TASK BRIEF:
Pictures excluded, retype the lines from the one containing "基于阿里大数据,我们将201" through the last line of the data below, both included.

(Records from a collection)
◆ ◆ ◆
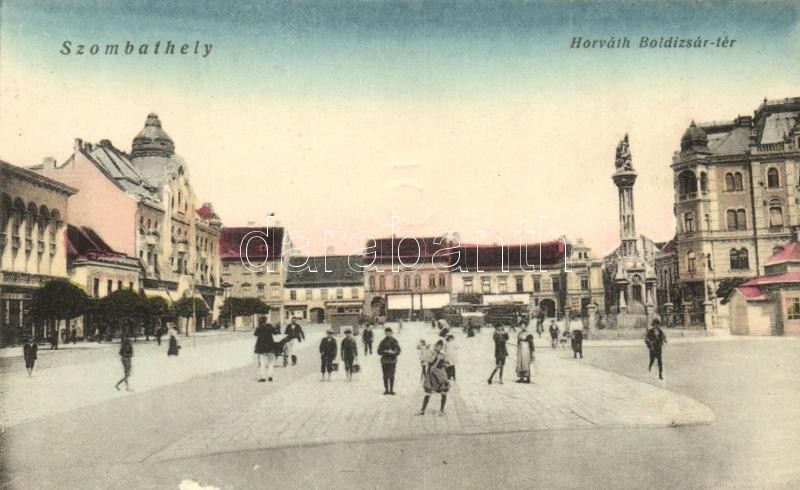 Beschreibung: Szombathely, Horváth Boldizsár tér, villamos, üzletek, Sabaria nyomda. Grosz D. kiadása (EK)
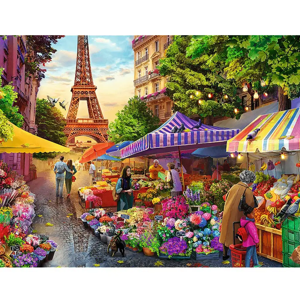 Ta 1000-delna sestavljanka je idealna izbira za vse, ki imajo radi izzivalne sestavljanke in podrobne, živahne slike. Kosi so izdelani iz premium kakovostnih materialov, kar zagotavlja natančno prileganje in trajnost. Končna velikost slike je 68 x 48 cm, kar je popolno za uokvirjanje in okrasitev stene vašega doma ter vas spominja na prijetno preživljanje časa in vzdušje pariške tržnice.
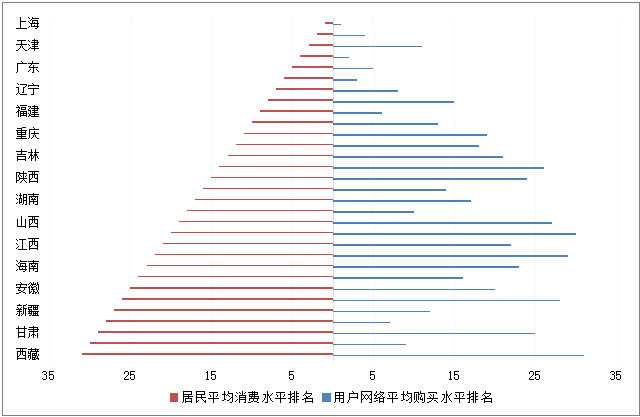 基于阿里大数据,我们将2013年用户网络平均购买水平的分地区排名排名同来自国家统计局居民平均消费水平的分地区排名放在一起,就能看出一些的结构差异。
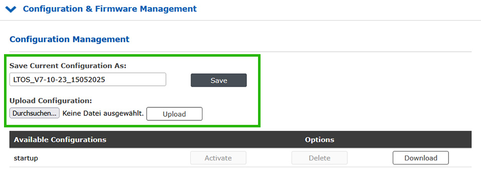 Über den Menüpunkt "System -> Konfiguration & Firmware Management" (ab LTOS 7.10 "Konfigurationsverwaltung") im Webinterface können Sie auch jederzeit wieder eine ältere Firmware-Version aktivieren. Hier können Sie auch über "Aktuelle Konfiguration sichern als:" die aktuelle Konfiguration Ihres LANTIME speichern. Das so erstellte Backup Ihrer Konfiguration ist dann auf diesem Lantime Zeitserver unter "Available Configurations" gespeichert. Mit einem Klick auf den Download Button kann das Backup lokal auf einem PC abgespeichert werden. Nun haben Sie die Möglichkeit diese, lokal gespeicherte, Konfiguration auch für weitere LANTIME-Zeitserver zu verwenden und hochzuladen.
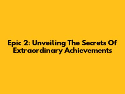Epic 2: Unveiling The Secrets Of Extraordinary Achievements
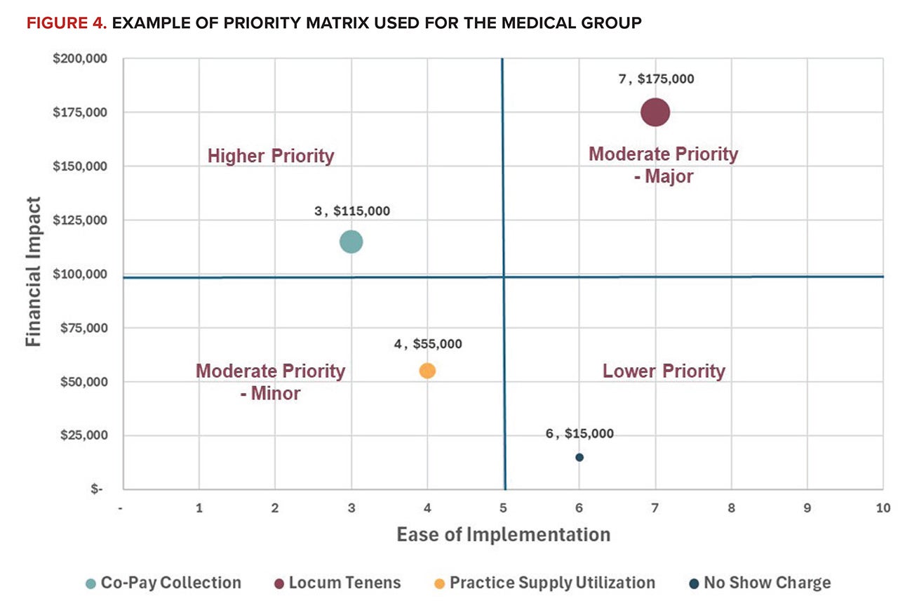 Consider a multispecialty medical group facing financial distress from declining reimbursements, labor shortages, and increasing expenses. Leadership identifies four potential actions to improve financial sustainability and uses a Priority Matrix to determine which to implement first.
◆ ◆ ◆
EXERCISE RESPONSE:
 基于阿里大数据,我们将2013年用户网络平均购买水平的分地区排名排名同来自国家统计局居民平均消费水平的分地区排名放在一起,就能看出一些的结构差异。
 Über den Menüpunkt "System -> Konfiguration & Firmware Management" (ab LTOS 7.10 "Konfigurationsverwaltung") im Webinterface können Sie auch jederzeit wieder eine ältere Firmware-Version aktivieren. Hier können Sie auch über "Aktuelle Konfiguration sichern als:" die aktuelle Konfiguration Ihres LANTIME speichern. Das so erstellte Backup Ihrer Konfiguration ist dann auf diesem Lantime Zeitserver unter "Available Configurations" gespeichert. Mit einem Klick auf den Download Button kann das Backup lokal auf einem PC abgespeichert werden. Nun haben Sie die Möglichkeit diese, lokal gespeicherte, Konfiguration auch für weitere LANTIME-Zeitserver zu verwenden und hochzuladen.
Epic 2: Unveiling The Secrets Of Extraordinary Achievements
 Consider a multispecialty medical group facing financial distress from declining reimbursements, labor shortages, and increasing expenses. Leadership identifies four potential actions to improve financial sustainability and uses a Priority Matrix to determine which to implement first.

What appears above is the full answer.